# Teff in Tennessee



## KRT (Jun 15, 2019)

I am looking for yalls opinions on Teff, I’ve heard a little about it, had some customers ask about it, but nobody that I talk to here local has tried it. All of my hay is orchard grass, Timothy mix which here in Tennessee it ain’t much of a mix after first cutting, I have finally found one variety of Timothy that I got 3 cutting out of last year, looked like it wasn’t gonna make it through the fall drought but perked up and looks like it could be pretty promising in the spring, anyway I’m mainly a tobacco man, so I’ll plant a field of whatever kinda hay I want keep it there 4 years or so then have tobacco there, then back to hay, so this year after the tobacco was outta the field I went in and drilled a variety of Timothy called zynetta, supposed to be a heavy hitter but kinda a one and done, but I’m interested in coming in right after I get the Timothy off and drilling Teff, my understanding is ittl still perform in the summer heat.
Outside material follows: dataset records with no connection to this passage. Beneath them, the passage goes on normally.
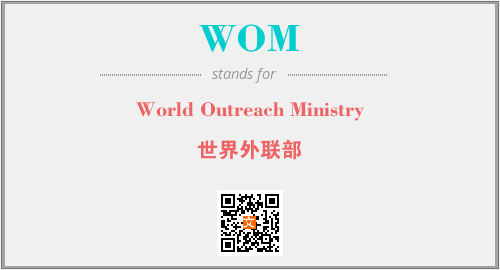 英文缩略词“WOM”经常作为“World Outreach Ministry”的英文缩写来使用,中文表示:“世界外联部”。本文将详细介绍英文缩写词WOM所代表英文单词,其对应的中文拼音、详细解释以及在英语中的流行度。此外,还有关于缩略词WOM的分类、应用领域及相关应用示例等。
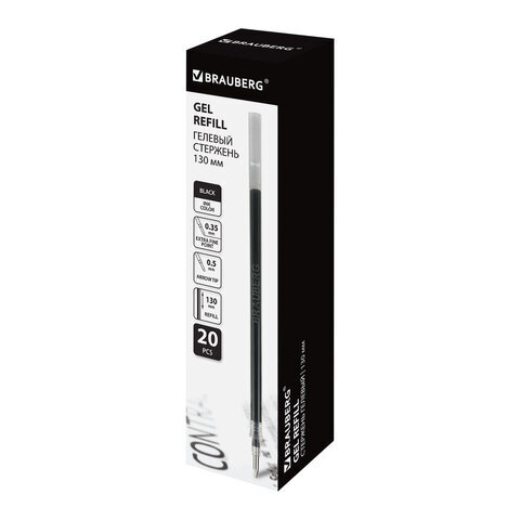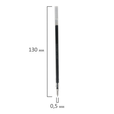 Стержень гелевый BRAUBERG 130 мм, ЧЕРНЫЙ, узел 0,5 мм, линия письма 0,35 мм, 170167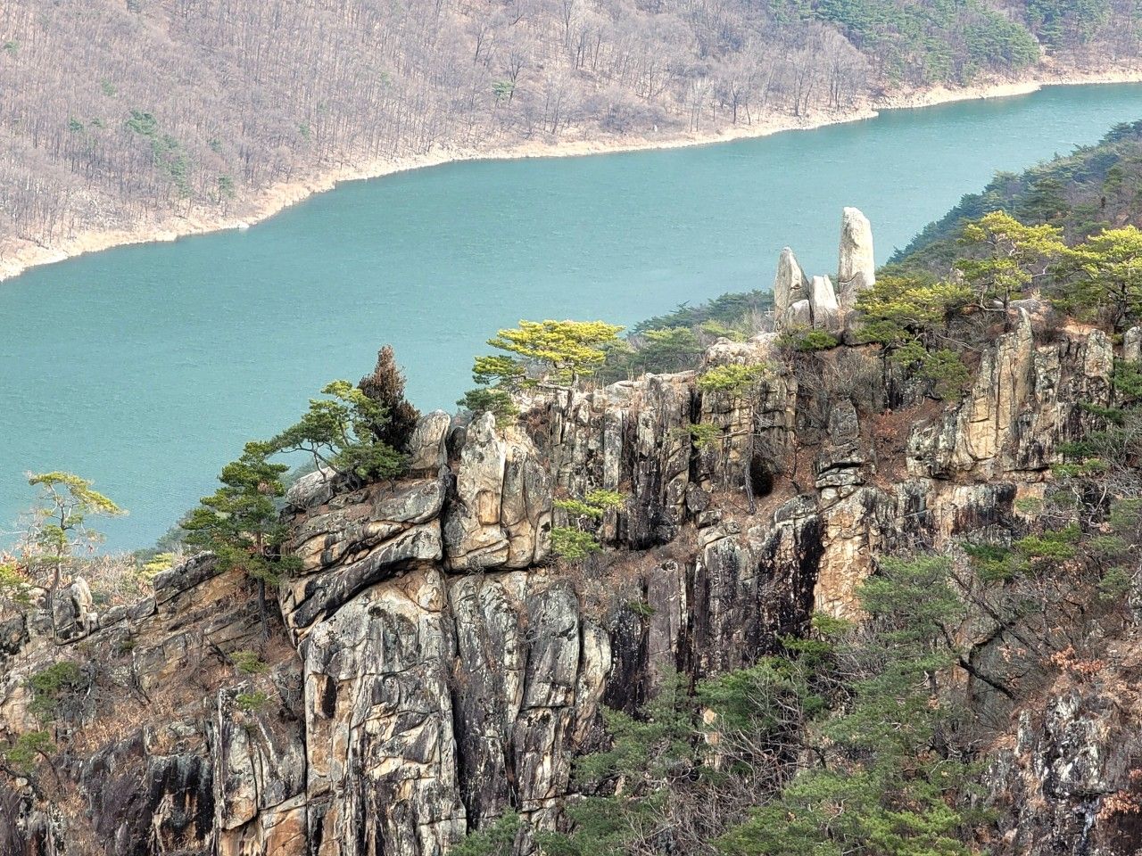 🔎 충북 단양읍 충주호 방면에 위치한 산으로 단양팔경 중 수상관광지로 유명한 구담봉과 옥순봉에서 올려다 보이는 바위산이 제비봉입니다.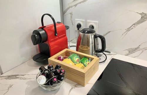 Appartements à Dax - 4 min du Centre-Ville, 12 min de la Gare - Arrivée autonome enjoys a location in Dax, a 14-minute walk from Sainte-Marie Cathedral and 18 miles from Gaujacq Castle. The air-conditioned accommodations are a 9-minute walk from Dax Train Station. Each unit comes with a fully equipped kitchen with a dining table, a flat-screen TV with streaming services, and a private bathroom with shower, a hair dryer, and free toiletries. Free Wifi is accessible to all guests, while certain rooms are fitted with a balcony. At the apartment complex, every unit comes with bed linen and towels. Courant d'Huchet Nature Reserve is 19 miles from the apartment, while Seignosse Golf Course is 21 miles from the property. Biarritz Airport is 36 miles away.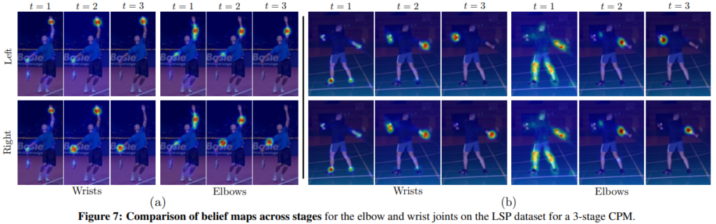 해당 방법론의 가장 큰 의미는 처음으로 confidence map(belief maps)을 이용하여 키포인트를 추론 및 학습했다는 부분에 있습니다. score map을 이용한 방법은 이후 Bottom-up 방식의 pose estimation 방법론에 큰 영향을 끼쳤습니다.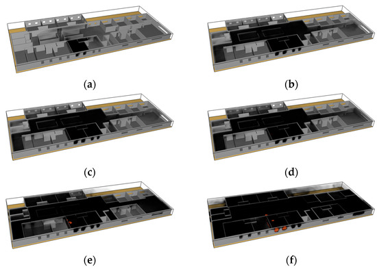 Figure 6 depicts the smoke behavior for the fire duration () of each fire compartment on the second floor where the fire broke out. As shown in Figure 6a, smoke spread from the fire area to the hallway approximately 100 s after the fire started. The hallway on the second floor was filled with smoke approximately 300 s after the fire, and the smoke spread to the entire second floor at approximately 500 s.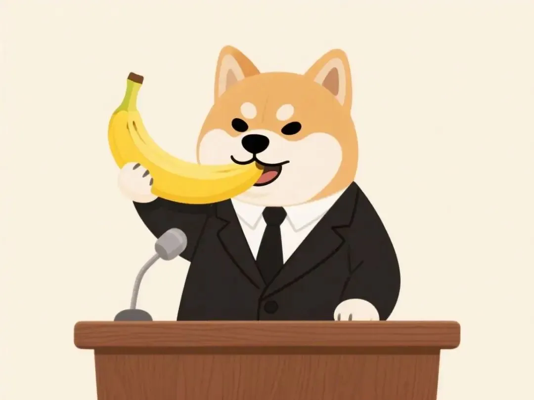 柴犬确实是柴犬,西装也穿了。但那西装是歪的,领带从狗嘴里穿出来,两条后腿站得笔直,前腿却举着一根……香蕉?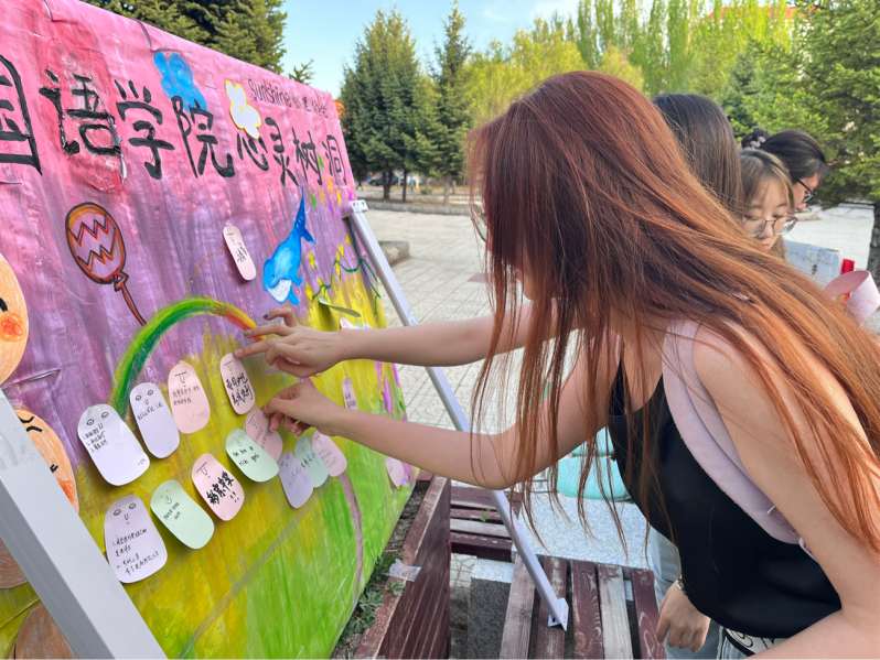 三、“心灵树洞”分享活动。通过心愿墙活动,让同学们表达心愿,释放压力,敞开心扉,说出期盼,给大家一个许下心愿、放飞梦想的平台。让大家写出对美好生活的向往,写出对未来的期许,写出对家人朋友的祝福与感激。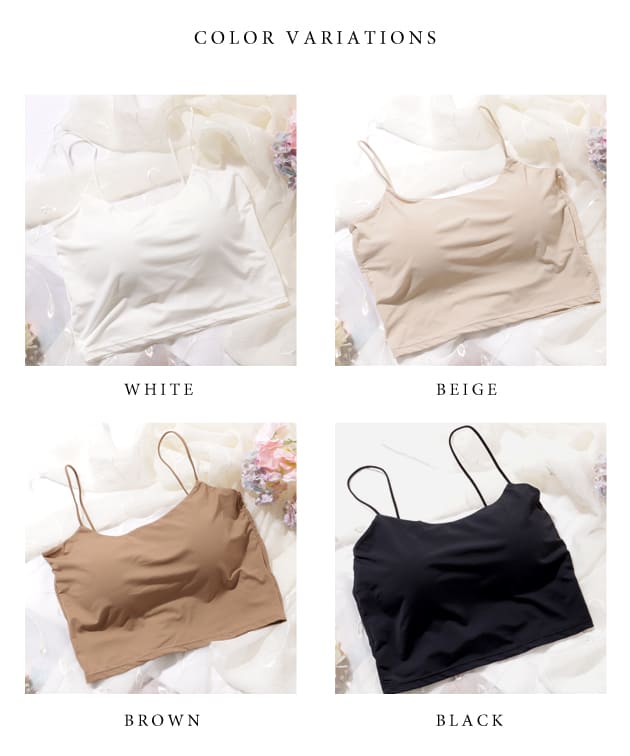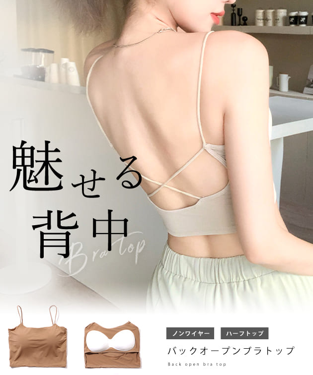 ソリッドカラー バッククロス カップイン クロップド キャミソール 女性 レディース 下着 肌着 インナー トップス ブラジャー ハーフトップ 春 夏 ヘルシー 肌見せ 単色 無地 可愛い ミニマル シンプル カジュアル アクティブ ベアトップ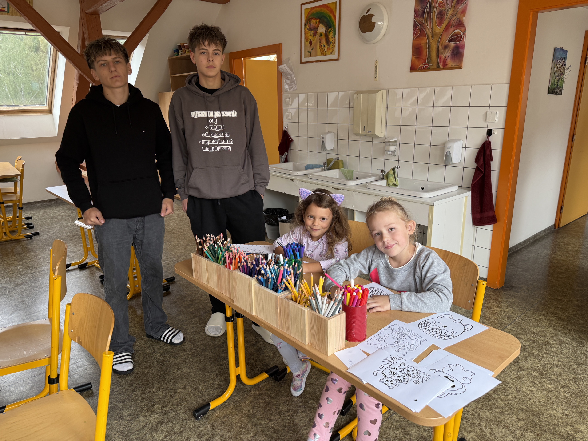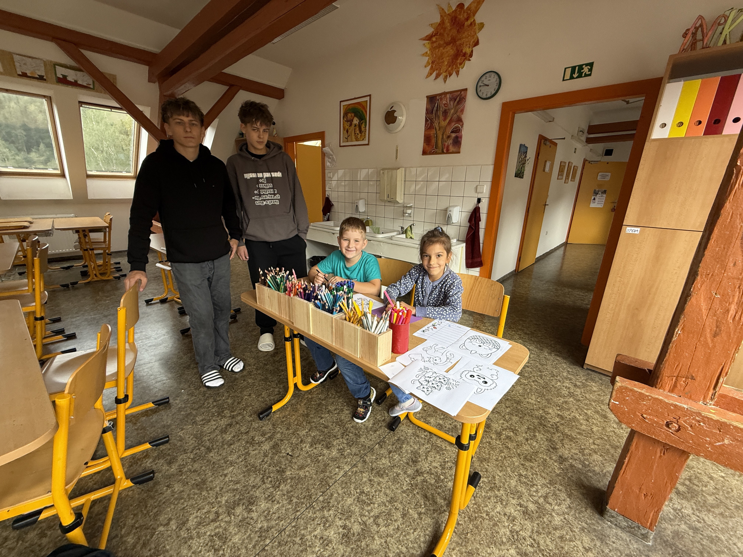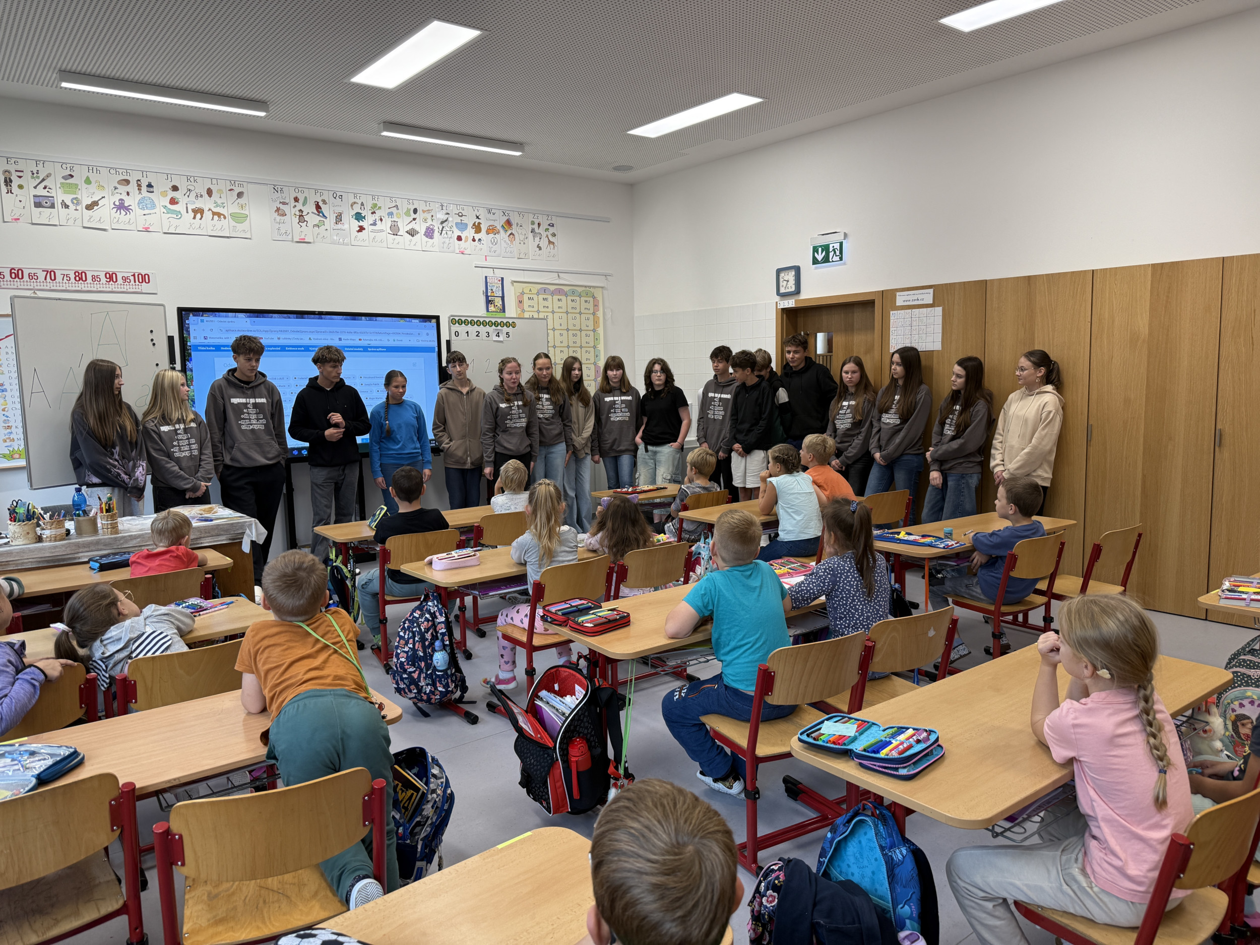 Ve čtvrtek 18. září 2025 si naši deváťáci připravili pro prvňáčky seznámení se školou. Vytvořili sedm stanovišť, na kterých museli prvňáčci plnit různé úkoly, při kterých poznali jednotlivé odborné učebny naší školy. Po splnění všech úkolů odměnili deváťáci své svěřence sladkou odměnou a společnou fotografií s osobním věnováním. Tato akce tak přispěla k dalšímu prohlubování kamarádství našich nejstarších s našimi nejmladšími žáčky.

Wondering about quality, is it easy to sell, does it yield fairly good in the south? Thanks


----------



## Vol (Jul 5, 2009)

Teff is a very aggravating and troublesome grass to grow. It is very difficult to get it to dry....it wants to re-absorb moisture at nighttime heavily. It lodges terribly, therefore you have a very short window to mow it at prime. If you are having weather challenges at that time you are screwed.

Most that have grown Teff just do so for one season or two. Teff is an African grass that likes desert type conditions and responds accordingly. Drier low moisture areas in this country can grow Teff much better than the folks East of the Mississippi River can.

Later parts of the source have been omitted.